▶ ACTIVITY:
Only a verbatim restatement of the lines from the one with "of Patch Offsets" through the end of the listing below is wanted. Pictures should be left out.

▶ DATA PROVIDED:
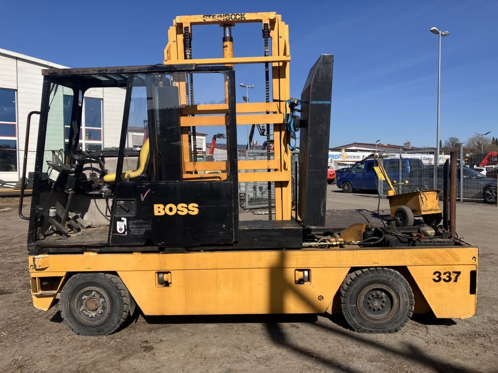 Bauart: Seitenstapler / Seitenstapler, Tragkraft: 3000kg, Hubhöhe: 4500mm, Bauhöhe: 2550mm, Freihub: 80mm, Gabellänge: 1350mm, Bereifung vorne: Superelastik , Bereifung hinten: Superelastik , Beschreibung: Kabine, Beleuchtung, Plattformbreite 1400 mm, Plattformhöhe 900 mm ""Bastelfahrzeug"" - reparaturbedürftig, Verkauf im IST-Zustand Zustand Gerät KAT 3: Gerät bedingt fahrbereit
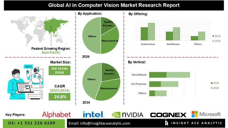 InsightAce Analytic Pvt. Ltd. announces the release of a market assessment report on the " AI in Computer Vision Market - (By Type of Component (Hardware and Software), by Type of Function (Training, Interference), by Type of Machine Learning Models (Supervised Learning, Unsupervised Learning), by Type of Deployment (Cloud-based and On-premise), by Areas of Application (Facial Recognition, Image Classification, Object Detection, Object Tracking, and Others), by Type of Product (PC-Based…
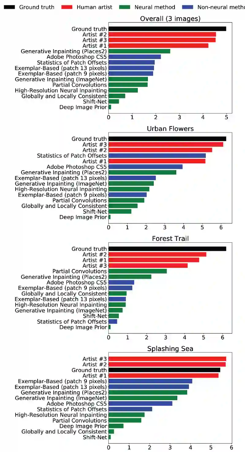 从这个竞赛的结果可以看出,艺术家们的表现在大多数照片中大大超过了自动方法。只在一种情况下有一种算法击败了艺术家:用非神经网络方法(8、Statistics of Patch Offsets for Image Completion)修复的 “Urban Flowers” 图像比艺术家 1(Artist#1)绘制的图像排名更高。此外,艺术家修复的图像与原始未失真图像的效果不相上下,甚至看起来更好:艺术家 2(Artist#2)和艺术家 3(Artist#3)修复的 “Splashing Sea” 图像的质量分数高于 Ground truth,艺术家 3(Artist#3)修复的 “Urban Flowers” 图像的得分仅略低于 Ground truth。所以,在图像修复的任务中,人类还是远胜于机器的。不过值得注意的是,在这个实验中,参与者是艺术家,也就是说,是具备一定绘画和艺术能力的人。对于普通人来说,他的修复能力就一定能比机器好么?
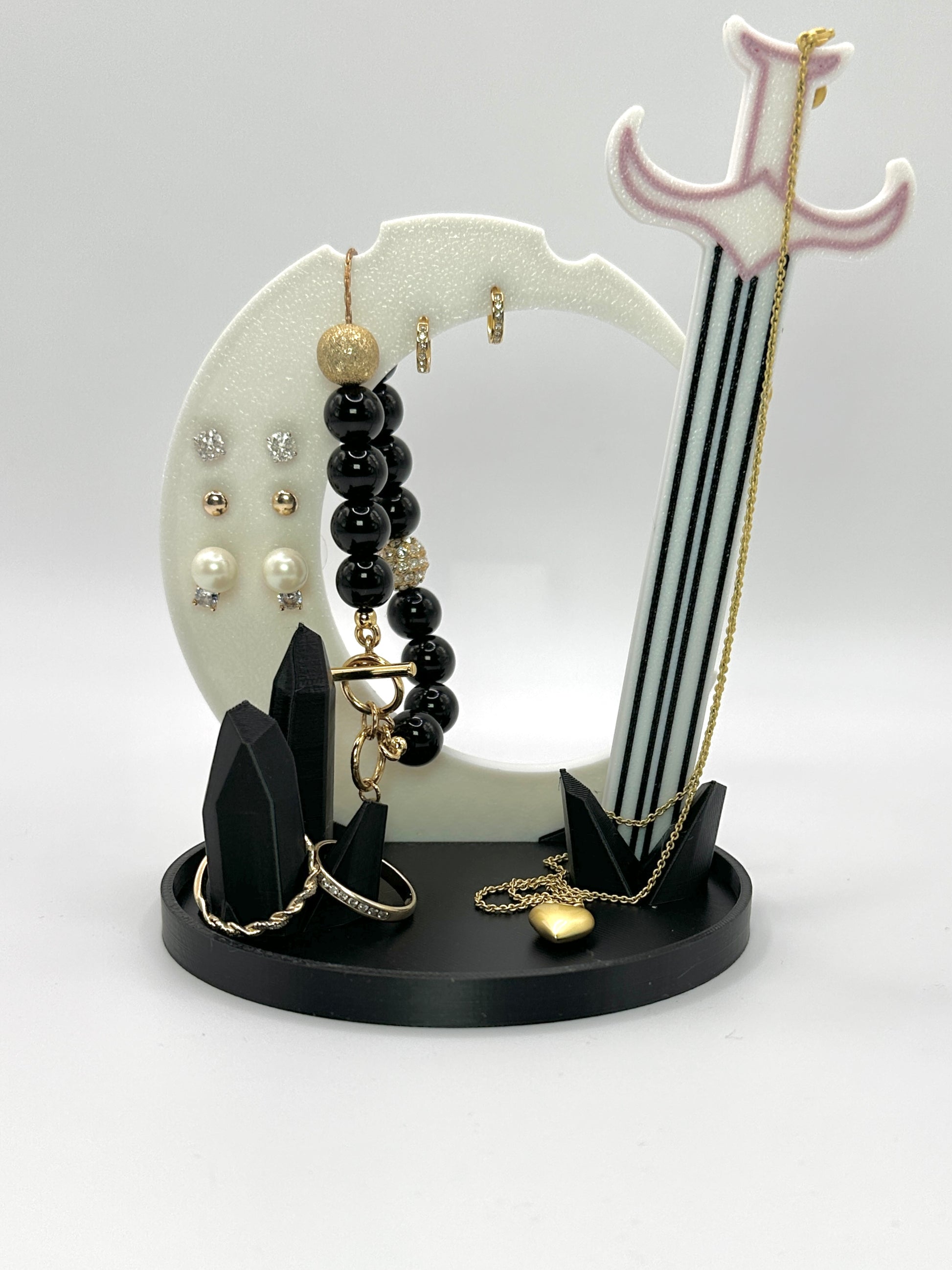 The sturdy base grounds this magical piece with three striking 3D-printed "crystals," forming a secure haven for your rings and additional small treasures. Rising dramatically from the base, a distinctive 3D-printed sword provides an additional, stunning element, ready to cradle even more necklaces or bracelets with a touch of fantasy.

▶ ANSWER SECTION:
 从这个竞赛的结果可以看出,艺术家们的表现在大多数照片中大大超过了自动方法。只在一种情况下有一种算法击败了艺术家:用非神经网络方法(8、Statistics of Patch Offsets for Image Completion)修复的 “Urban Flowers” 图像比艺术家 1(Artist#1)绘制的图像排名更高。此外,艺术家修复的图像与原始未失真图像的效果不相上下,甚至看起来更好:艺术家 2(Artist#2)和艺术家 3(Artist#3)修复的 “Splashing Sea” 图像的质量分数高于 Ground truth,艺术家 3(Artist#3)修复的 “Urban Flowers” 图像的得分仅略低于 Ground truth。所以,在图像修复的任务中,人类还是远胜于机器的。不过值得注意的是,在这个实验中,参与者是艺术家,也就是说,是具备一定绘画和艺术能力的人。对于普通人来说,他的修复能力就一定能比机器好么?
 The sturdy base grounds this magical piece with three striking 3D-printed "crystals," forming a secure haven for your rings and additional small treasures. Rising dramatically from the base, a distinctive 3D-printed sword provides an additional, stunning element, ready to cradle even more necklaces or bracelets with a touch of fantasy.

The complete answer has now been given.